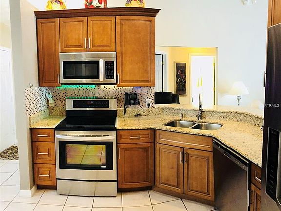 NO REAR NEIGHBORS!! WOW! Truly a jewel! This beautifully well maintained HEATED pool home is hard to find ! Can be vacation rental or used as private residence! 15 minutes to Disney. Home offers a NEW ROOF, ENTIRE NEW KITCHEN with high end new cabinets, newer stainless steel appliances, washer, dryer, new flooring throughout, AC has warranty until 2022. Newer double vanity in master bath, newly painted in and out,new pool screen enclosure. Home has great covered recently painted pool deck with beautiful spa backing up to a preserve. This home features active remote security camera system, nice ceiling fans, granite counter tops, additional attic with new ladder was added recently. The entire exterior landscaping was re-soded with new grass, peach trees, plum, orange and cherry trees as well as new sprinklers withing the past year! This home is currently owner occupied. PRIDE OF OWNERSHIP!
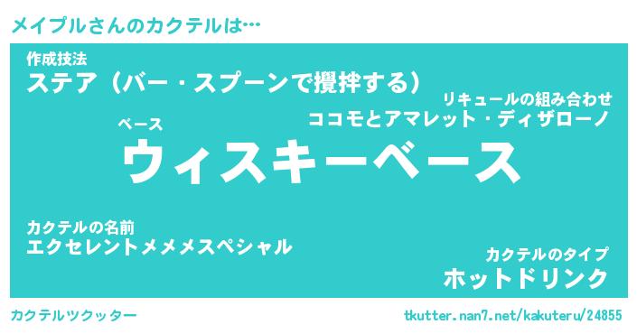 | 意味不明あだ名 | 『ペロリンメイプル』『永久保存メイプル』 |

---

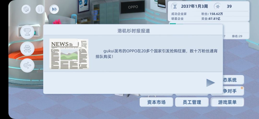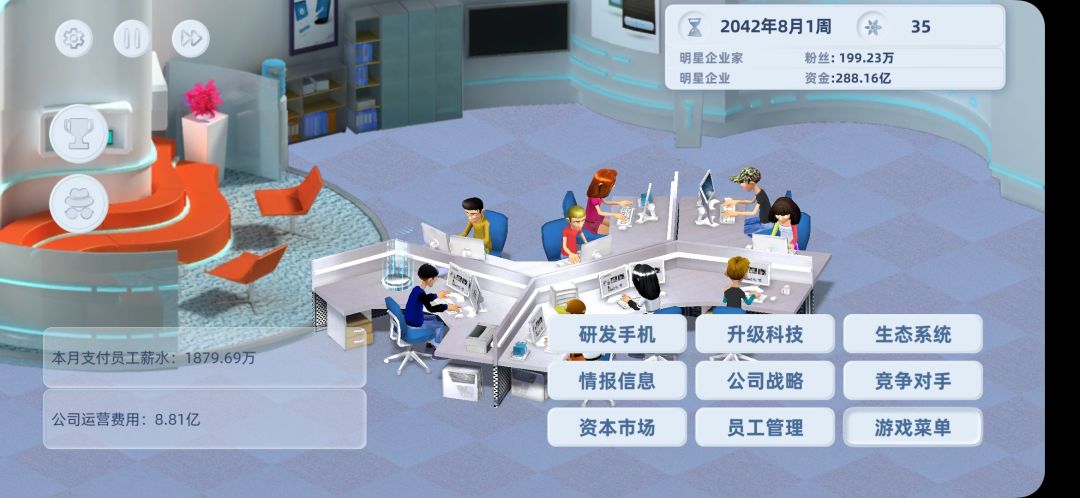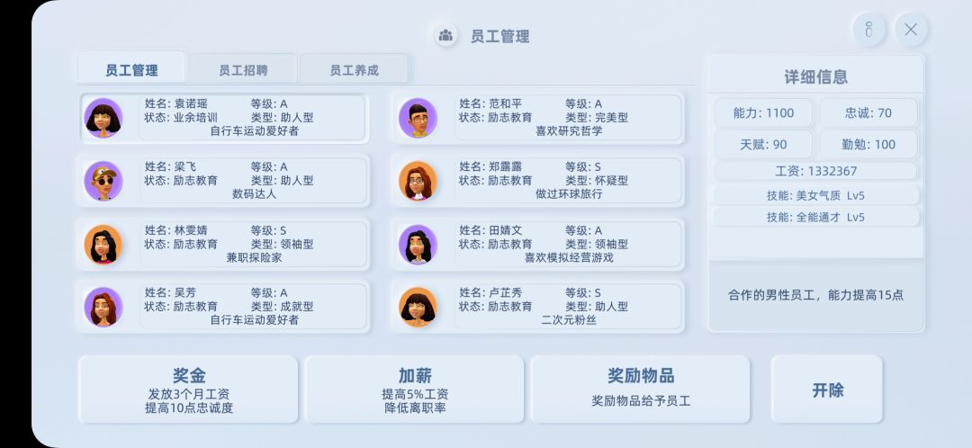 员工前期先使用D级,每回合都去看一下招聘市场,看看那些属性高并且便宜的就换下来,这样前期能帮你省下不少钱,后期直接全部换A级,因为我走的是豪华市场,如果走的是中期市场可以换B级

---

• **Aim of the exercise**
Transcribe, word for word, the stretch of lines in the data above from the one with "NO REAR NEIGHBORS!!" through the one with "意味不明あだ名 | 『ペロリンメイプル』『永久保存メイプル』 |"; omit all pictures.

• **Task solution**
 NO REAR NEIGHBORS!! WOW! Truly a jewel! This beautifully well maintained HEATED pool home is hard to find ! Can be vacation rental or used as private residence! 15 minutes to Disney. Home offers a NEW ROOF, ENTIRE NEW KITCHEN with high end new cabinets, newer stainless steel appliances, washer, dryer, new flooring throughout, AC has warranty until 2022. Newer double vanity in master bath, newly painted in and out,new pool screen enclosure. Home has great covered recently painted pool deck with beautiful spa backing up to a preserve. This home features active remote security camera system, nice ceiling fans, granite counter tops, additional attic with new ladder was added recently. The entire exterior landscaping was re-soded with new grass, peach trees, plum, orange and cherry trees as well as new sprinklers withing the past year! This home is currently owner occupied. PRIDE OF OWNERSHIP!
 | 意味不明あだ名 | 『ペロリンメイプル』『永久保存メイプル』 |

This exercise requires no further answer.